Rogers Estate Fee Dispute Sparks Sports Empire Clash
(Bloomberg) — The billionaire owners of one of North America’s biggest sports empires are locked in a feud over the $3,000-an-hour bill one handed the other for administering his deceased mother’s estate.
In a court filing this month in Toronto, telecommunications scion Edward Rogers objected to the nearly $8 million fee claimed by the three trustees of his mother’s estate. One of them is Larry Tanenbaum, Rogers’ partner in the holding company that owns the National Basketball Association’s Toronto Raptors and the National Hockey League’s Toronto Maple Leafs.
The trustees claim they’ve spent 2,652.5 hours administering the C$250 million ($181 million) estate since Loretta Anne Rogers died in 2022. Edward Rogers says that estimate is “exorbitant” given much of the day-to-day management was overseen by employees of the Rogers family office, and the three trustees hired professionals to help them, according to the filing. He also takes issue with the rate of compensation these hours and the total fee imply.

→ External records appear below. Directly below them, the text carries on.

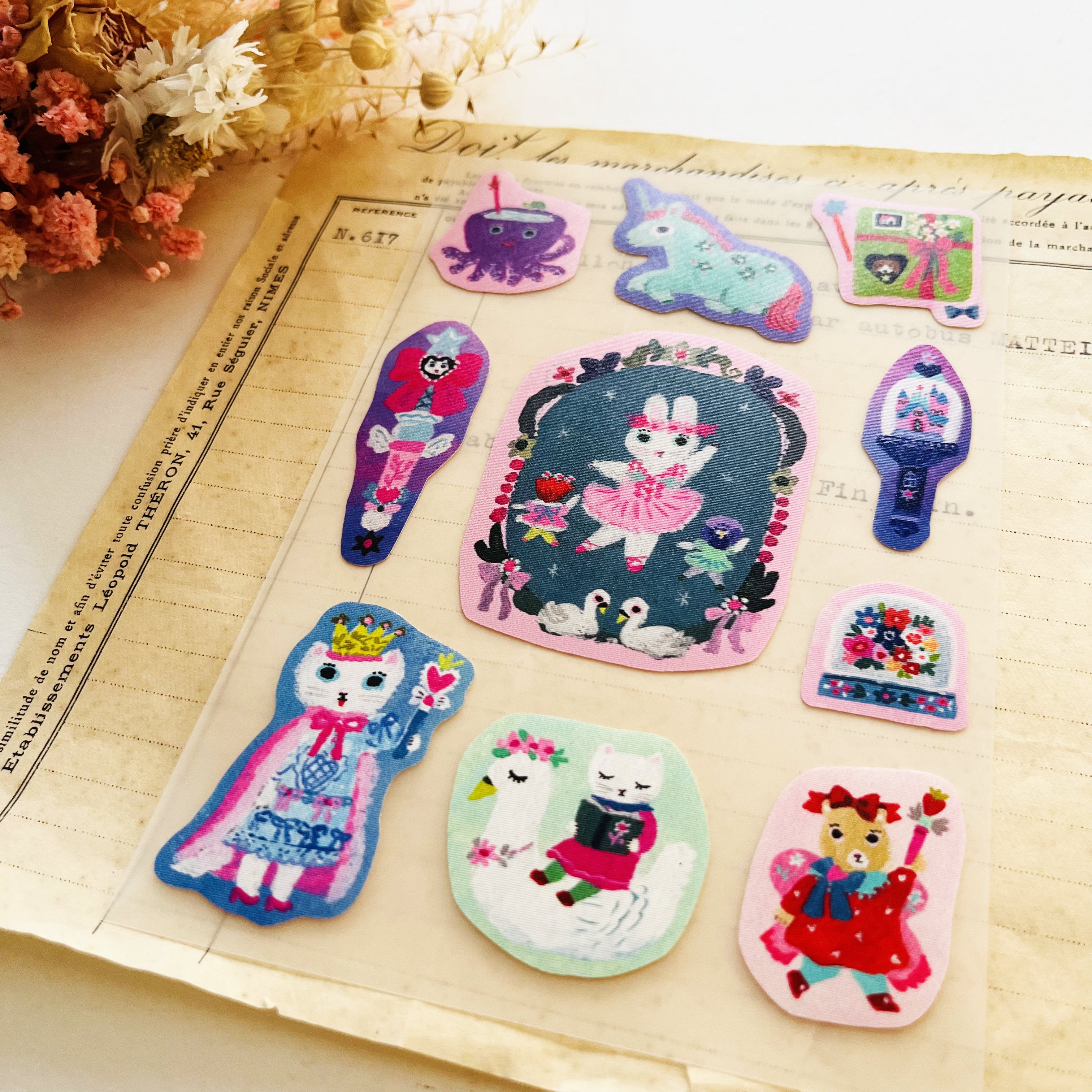Yumi Kitagishi versatile adhesive stickers that stick to clothing, metals, plastics, and more—no ironing needed! Washable on fabric and easy to peel individually. Use them for labeling, decorating, or as stand-alone stickers.
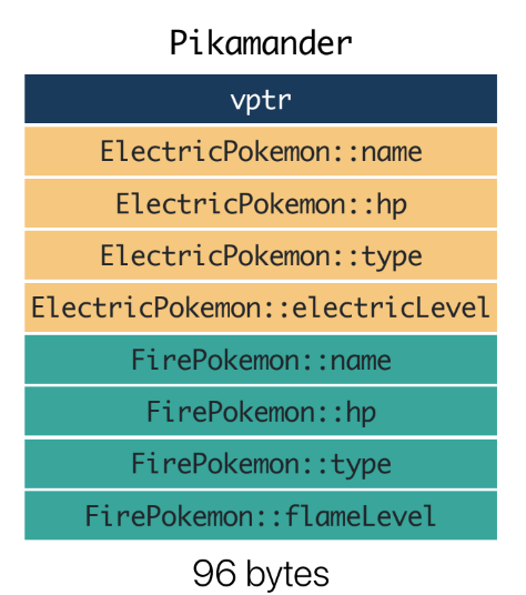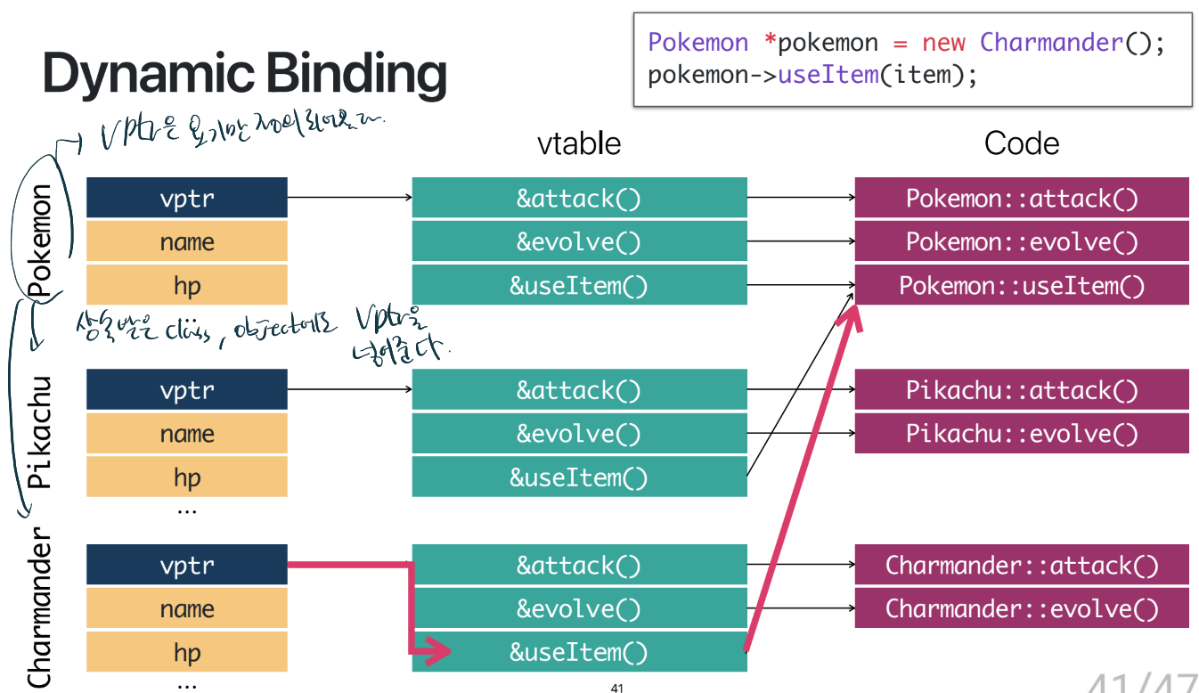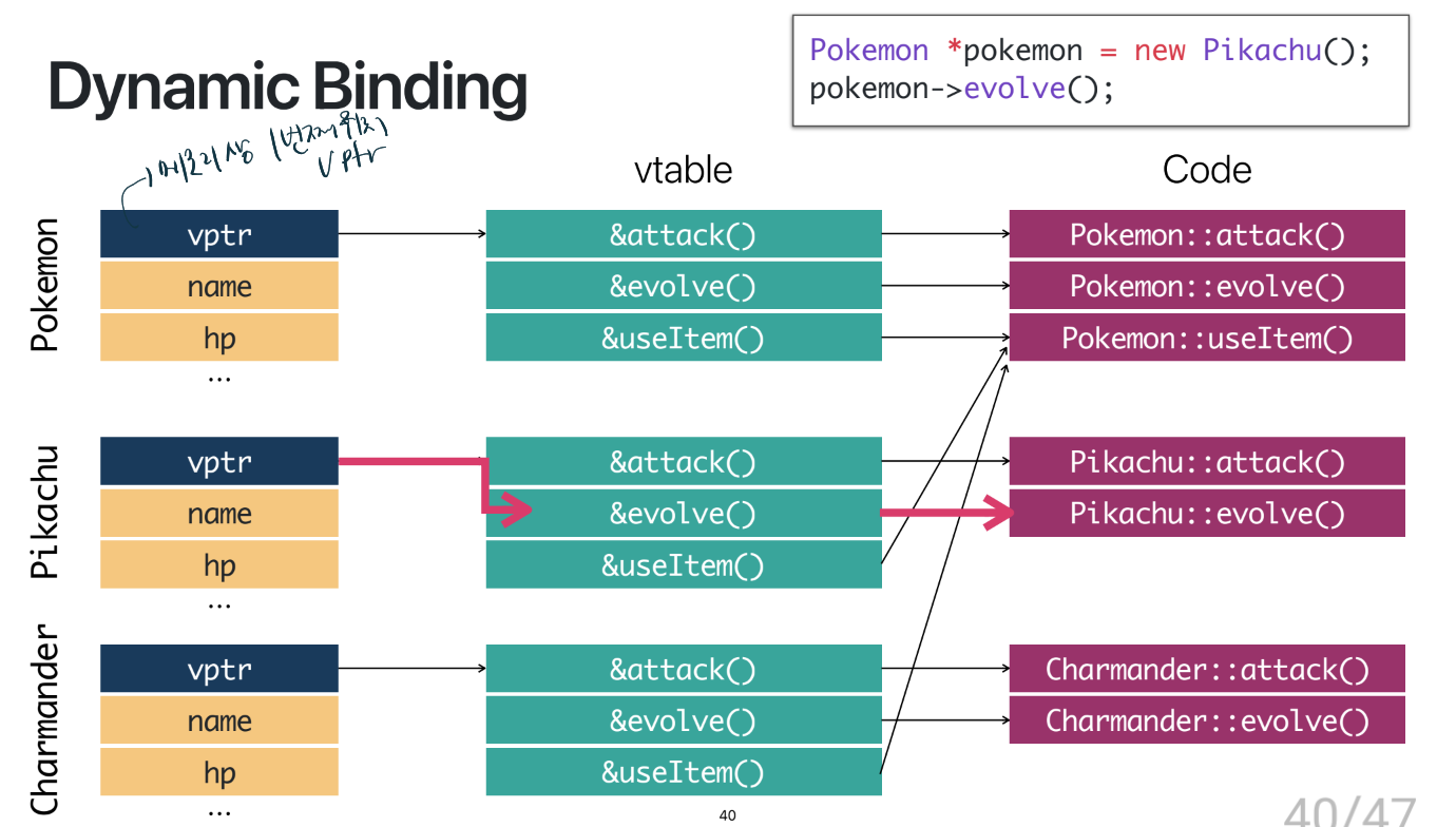 vptr은 각 class에서 메모리 가장 상단에 위치해 있으며 vtable은 각각의 class에서 Pokemon 부모 class 외에 method가 어디에 있는지 그 memory주소를 담고 있는 tablel이다.
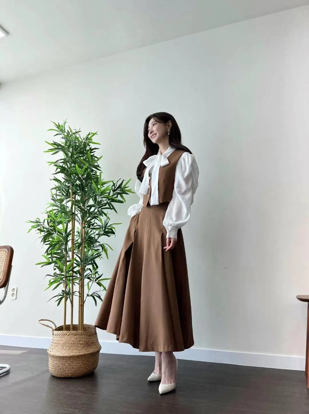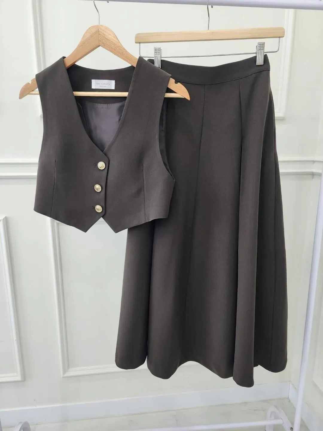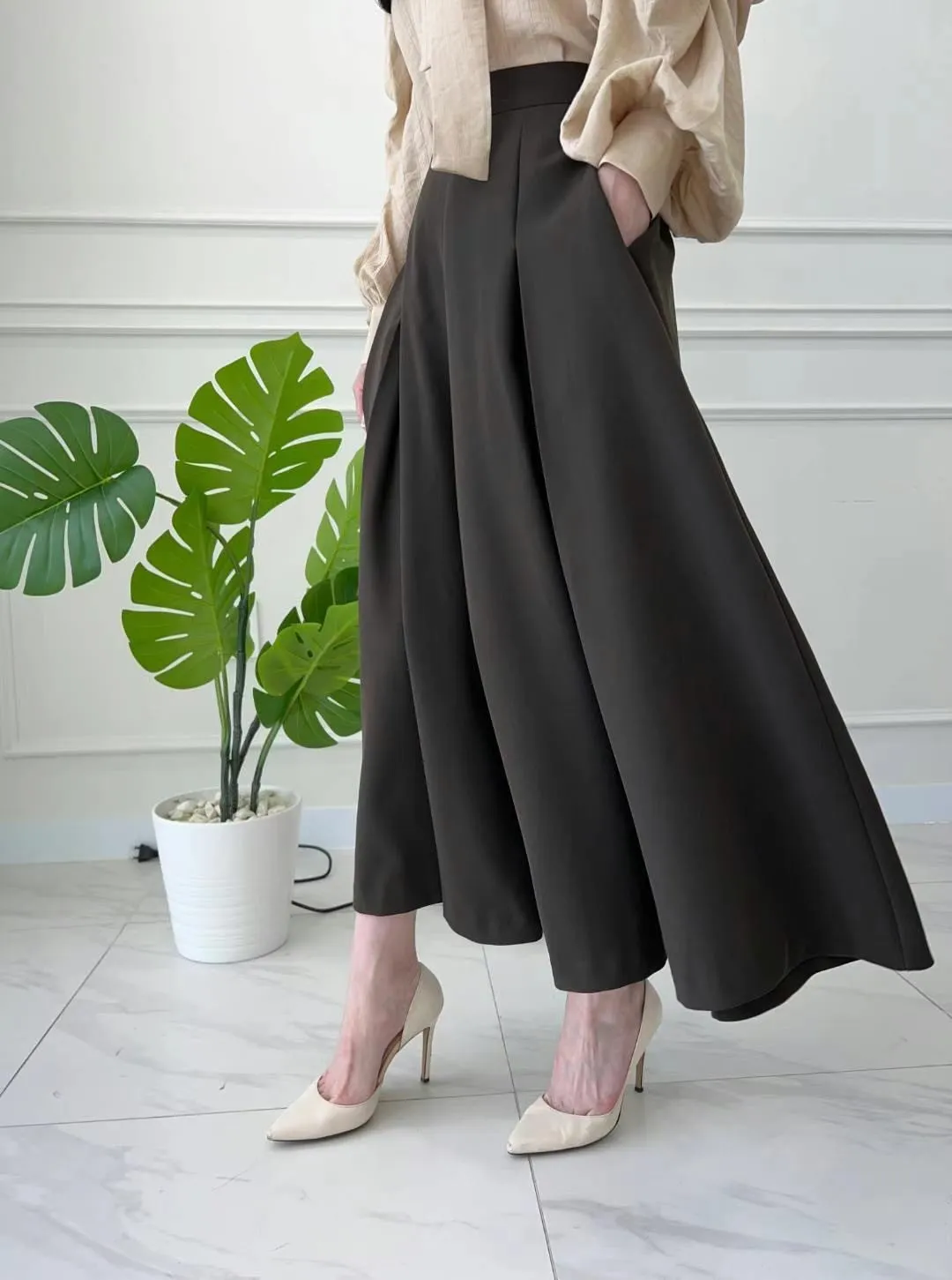 CS041套裝中的質感寬百褶裙 灰 咖 $1100
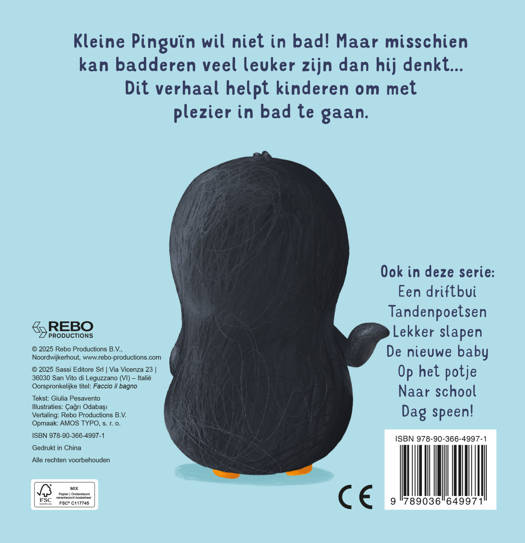 Kleine Pinguïn wil niet in bad! Maar misschien kan badderen veel leuker zijn dan hij denkt… Dit verhaal helpt kinderen om met plezier in bad te gaan.
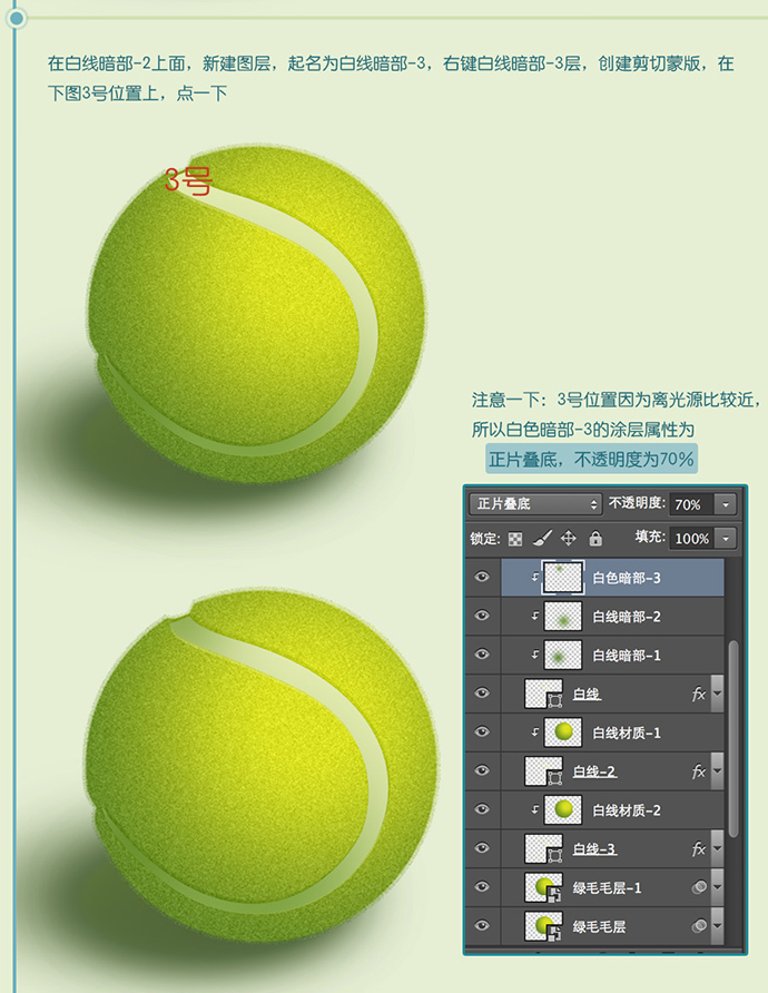 注意一下:3号位置因为离光源比较近,所以白色暗部-3的涂层属性为正片叠底,不透明度为70%。

“Compensation at these rates is far in excess of what the applicants could reasonably expect to earn from full-time employment, and far in excess of what the Estate would reasonably be charged by a professional or institutional estate executor,” Rogers says. “The effective hourly rate at which the applicants seek to be compensated is excessive and unreasonable.”
The filing, which was first reported by the Globe and Mail, singles out Tanenbaum as particularly undeserving of compensation. He logged 125 hours in the time sheets submitted by the executors, versus more than 2,500 total for the other two trustees.
“He appears to have delegated the administration to his co-estate trustees,” Rogers says.
The trustees’ lawyer declined to comment. Edward Rogers’ lawyer didn’t respond to a request for comment. Lawyers representing Edward Rogers’ three sisters, who are also beneficiaries of their mother’s estate, didn’t respond to a request for comment.
Though the amounts at issue are small compared to both men’s wealth, the dispute adds a personal twist to a big-money business deal in the works which could change the landscape of professional sports in Canada.
Rogers Communications Inc., which the Rogers family still controls, plans to purchase the 25% stake in Maple Leaf Sports & Entertainment it doesn’t already own from Tanenbaum’s Kilmer Group before the end of the year, giving it full control of two of Canada’s most valuable sports franchises.
A spokesperson for Rogers Communications said the dispute over the estate fees isn’t a company matter, and there is no change in plans for the acquisition of the remaining stake in MLSE. A spokesperson for Tanenbaum’s company, Kilmer Group, declined to comment.
Analysts at Toronto-Dominion Bank expect the deal to cost about C$4 billion and result in the creation of a C$25 billion sports behemoth after Rogers combines those assets with Major League Baseball’s Toronto Blue Jays and the sports-focused media properties it already owns.